The physical symptoms that often accompany social phobia include flushing, intense sweating, tremor, nausea, and difficulty speaking. When these symptoms occur, people with social phobia feel that all people are watching them.

 

Women and men are equally likely to develop the disorder, which usually begins in childhood or early adolescence. There is some evidence that there are genetic factors involved. Typically, social phobia is accompanied by other disorders, such as anxiety or depression, and substance abuse can develop if people try to self-medicate to treat their anxiety.

 

Social phobia can be treated.

Specific phobias

A specific phobia is an intense and irrational fear towards something that in reality constitutes a minimum or no threat. Some of the most common specific phobias are heights, escalators, tunnels, driving on roads, confined spaces, water, flying, dogs, spiders, and bloody wounds.
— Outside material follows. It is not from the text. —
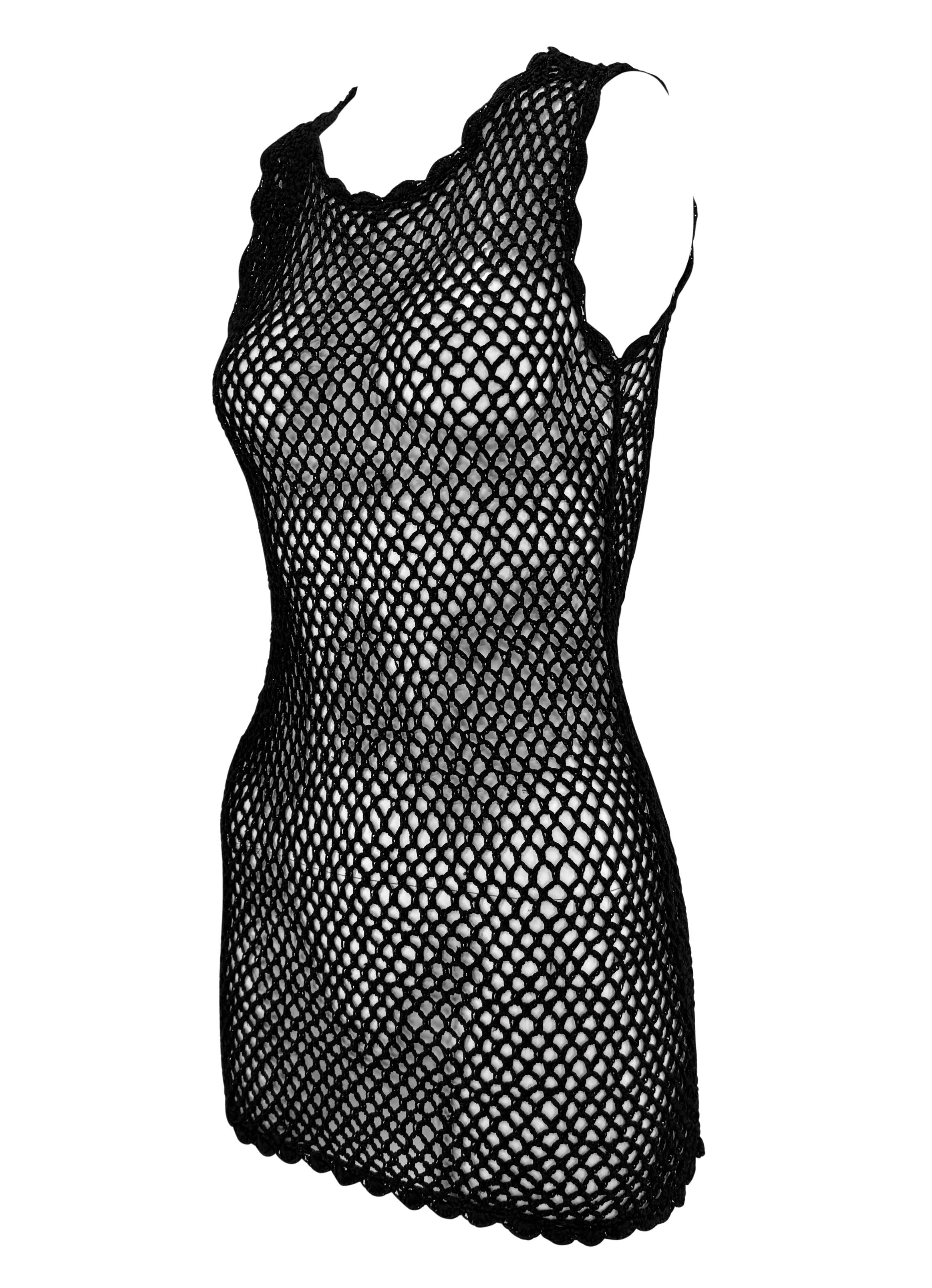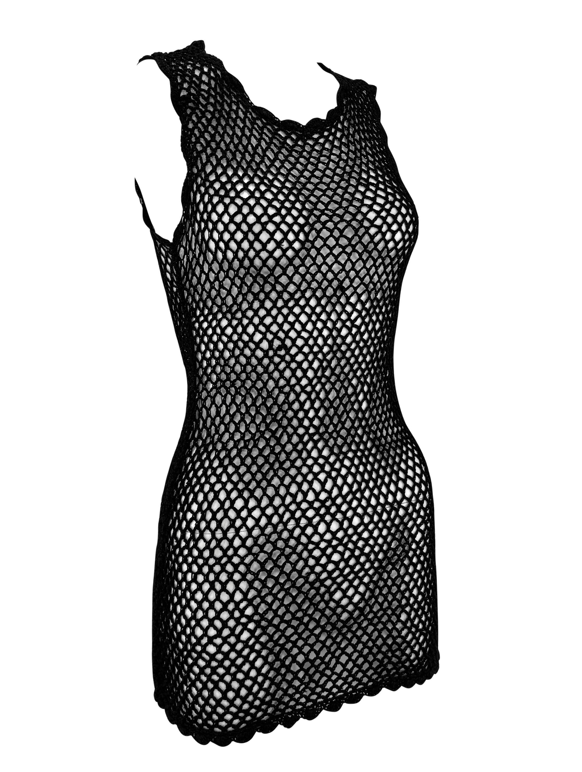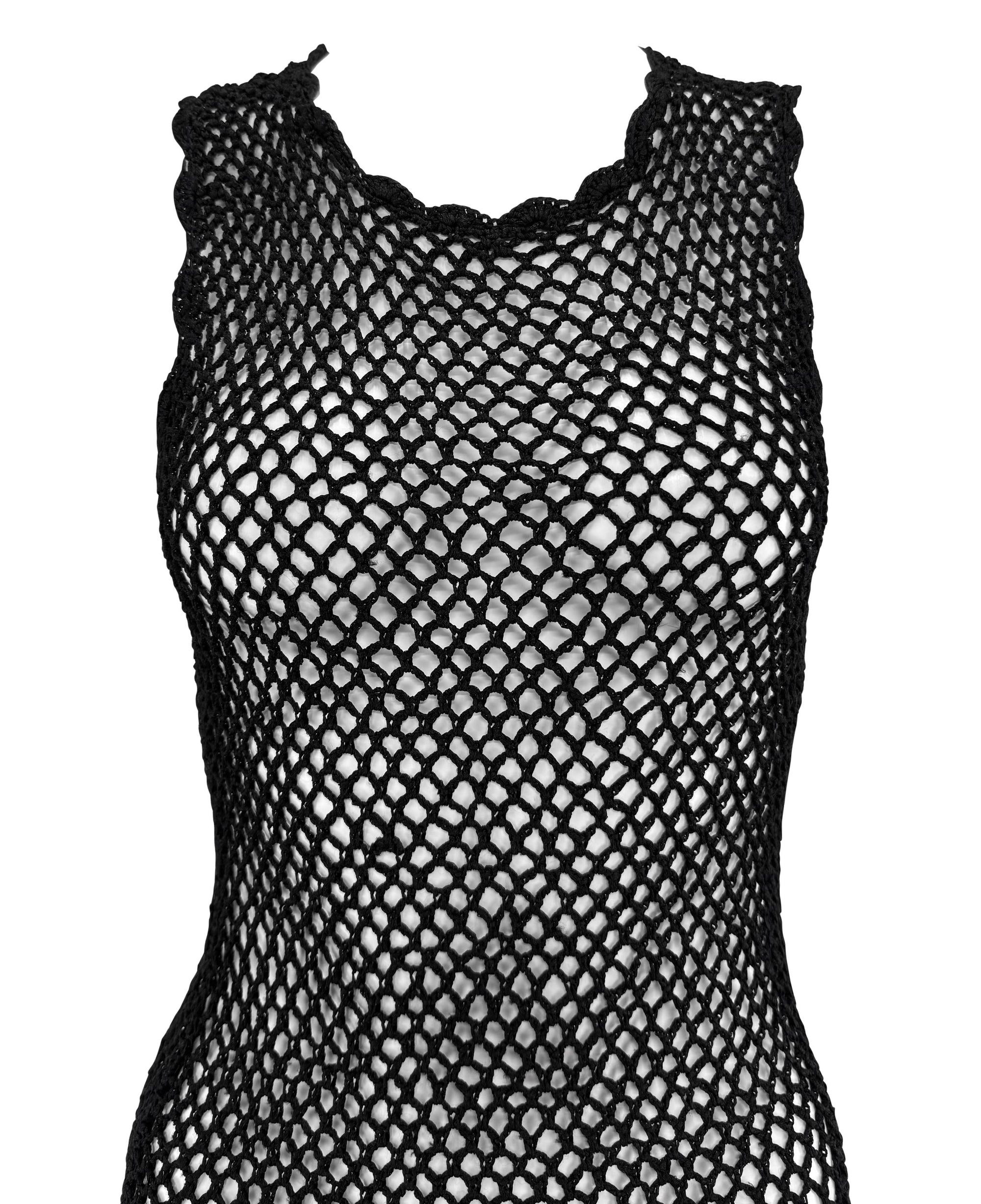 This late 1990s Dolce & Gabbana mini dress is crafted from black crochet knit, creating a sheer, netted silhouette that hugs the body. The design is complete with scalloped edges at the neckline and hem.

Although adults with phobias are aware that such fears are irrational, they often find that coping, or even thinking about having to face the object or situation that produces fear, brings on a panic attack or intense anxiety.

 

If the situation or object causing the fear is easy to avoid, people with specific phobias may not seek help; But if avoiding it interferes with your professional development or your personal lives, this can disable people and you have to seek treatment.

 

Generalized anxiety disorder (GAD)

People with generalized anxiety disorder (GAD) spend the day full of worries and exaggerated tensions, even when there is little or nothing that causes them. Such people expect disasters and are too preoccupied with issues of health, money, family problems, or work difficulties. Sometimes, the simple thought of how to spend the day produces anxiety.

 

People with GAD seem unable to free themselves from their worries, even though they are aware that their anxiety is more excessive. They can not relax, they get scared easily, and they have difficulty concentrating. Often, they have trouble sleeping. Physical symptoms that often accompany anxiety include fatigue, headaches, muscle tension, muscle aches, difficulty swallowing, tremors, nervous tics, irritability, sweating, nausea, dizziness, frequent need to go to the bathroom, feeling of lack of air, and sudden hot flashes.

 

When their anxiety levels are moderate, people with GAD can function socially and maintain a job. Although they do not avoid certain situations as a result of their disorder, people with GAD may have difficulty carrying out the simplest activities of daily living if their anxiety is severe.

 

The disorder develops gradually and can begin at any point in the life cycle. Other anxiety disorders, depression, or substance abuse may accompany GAD, which rarely occurs on its own.